Senate Slyly Advances Ukraine-Aid Package During Super Bowl

'I can’t remember the last time the Senate was in session on Super Bowl Sunday, but as I’ve said all week long, we’re going to keep working on this bill until the job is done...'

(Jacob Bruns, Headline USA) While millions of Americans were distracted Sunday night by the Super Bowl, the U.S. Senate advanced an appropriations bill that would allocate $60 billion more American tax dollars to the increasingly unpopular war effort in Ukraine, CNBC reported.

The bill, pushed by Democrats and backed by 18 RINOs, was a $95 billion aid package that would fund Ukraine, Israel and Taiwan.

Senate Majority Leader Chuck Schumer, D-N.Y., recognized the irregularity of being in session on Super Bowl Sunday, but he insisted that the legislative body push forward with the financial aid for foreigners.

“I can’t remember the last time the Senate was in session on Super Bowl Sunday, but as I’ve said all week long, we’re going to keep working on this bill until the job is done,” Schumer said.

A former version of the bill failed in the Senate last week, when Republicans rejected the lackluster border-securing proposal that was laden with foreign aid totaling $118 billion, a mere $20 billion of which would be available for border spending.

Critics noted that the funds likely would not have been spent to close the border, but rather to facilitate the asylum process that illegal immigrants have exploited. Homeland Security Secretary Alejandro Mayorkas said no new funding would be used to deport illegals.

The bill on Sunday passed through the Senate with 67 votes, advancing to the next stage, which could cut into a planned two-week recess for the legislators, putting greater pressure on them to simply rubber-stamp it.

Earlier in the day, Sen.
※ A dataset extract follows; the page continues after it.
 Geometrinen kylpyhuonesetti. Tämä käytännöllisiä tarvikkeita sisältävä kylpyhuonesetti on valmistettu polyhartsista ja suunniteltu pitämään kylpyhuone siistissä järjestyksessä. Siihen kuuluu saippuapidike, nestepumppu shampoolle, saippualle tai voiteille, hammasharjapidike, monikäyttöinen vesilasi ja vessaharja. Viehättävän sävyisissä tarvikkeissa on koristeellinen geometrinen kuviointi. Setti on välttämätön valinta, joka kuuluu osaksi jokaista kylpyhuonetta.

Chris Murphy, D-Conn., predicted on CBS’s Face the Nation that it would clear the Senate.

“We’ve already moved past several procedural hurdles that require 60 votes,” Murphy said. “I think there will be 60 votes in the end.”

 

 

Nonetheless, several GOP lawmakers voiced strong opposition to it, including Sen. JD Vance, R-Ohio, who warned that Democrats appeared to be laying a trap for President Donald Trump if he were to be re-elected in November.

Sen. Marco Rubio, R-Fla., argued in a Sunday CNN appearance that America’s leaders needed to consider protecting the American people domestically before concerning themselves with the destruction of foreign monsters.
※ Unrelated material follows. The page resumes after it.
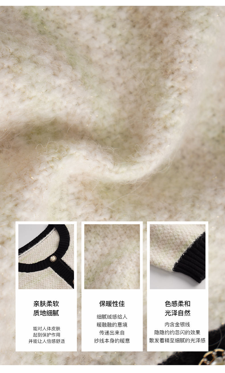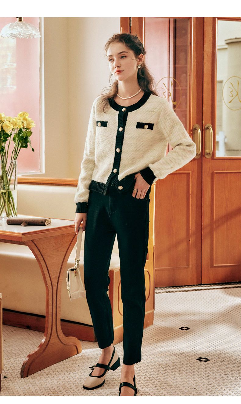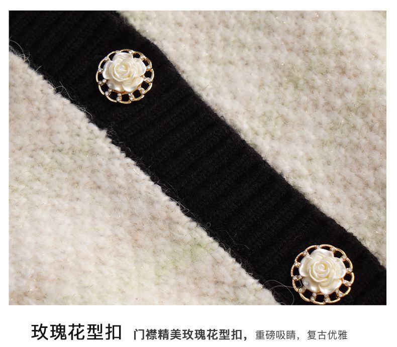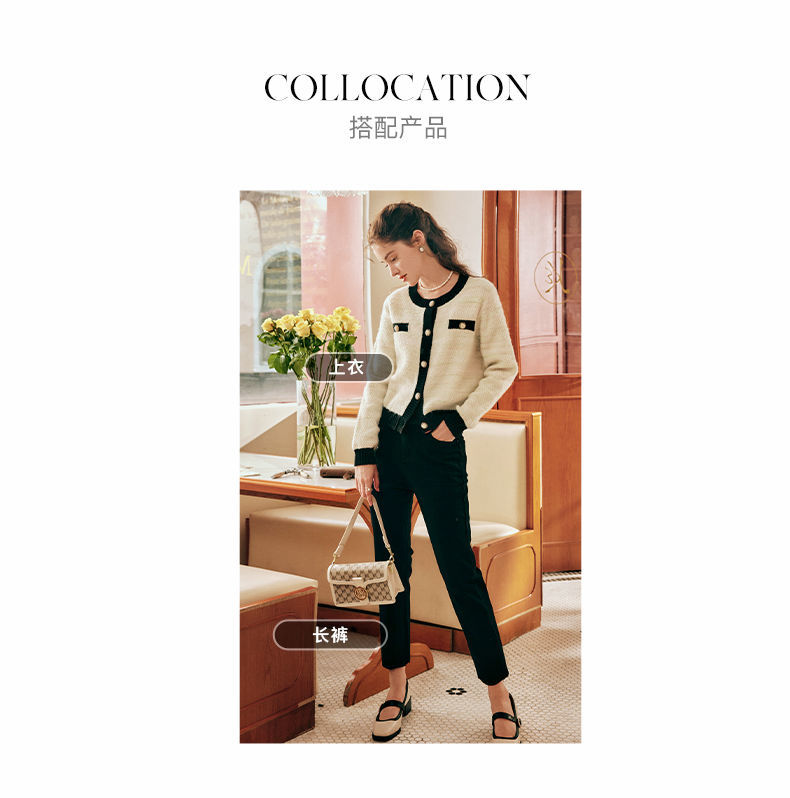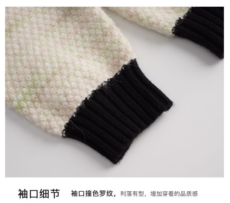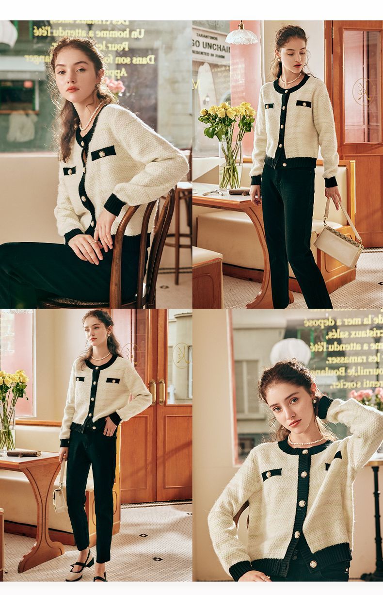 OLrain欧芮儿法式小香风毛衣外套女秋冬2022新款撞色圆领针织开衫

“If we secure our own border here in the United States, I’ve said … we should help Ukraine,” Rubio said. “My problem is this: Before we do these things we have to make Americans a priority again.”

According to a Washington Post report, $60 billion from the bill is earmarked for Ukraine aid.

As of December 2023, America had sent over $79 billion to the eastern European nation, Newsweek claimed, citing Germany’s globalist Kiel Institute for the World Economy as its source.

However, some have put the total price tag much higher since the Biden administration’s refusal to track where the aid is going and how it is being spent has resulted in murky and unreliable bookkeeping from the State Department and the Pentagon.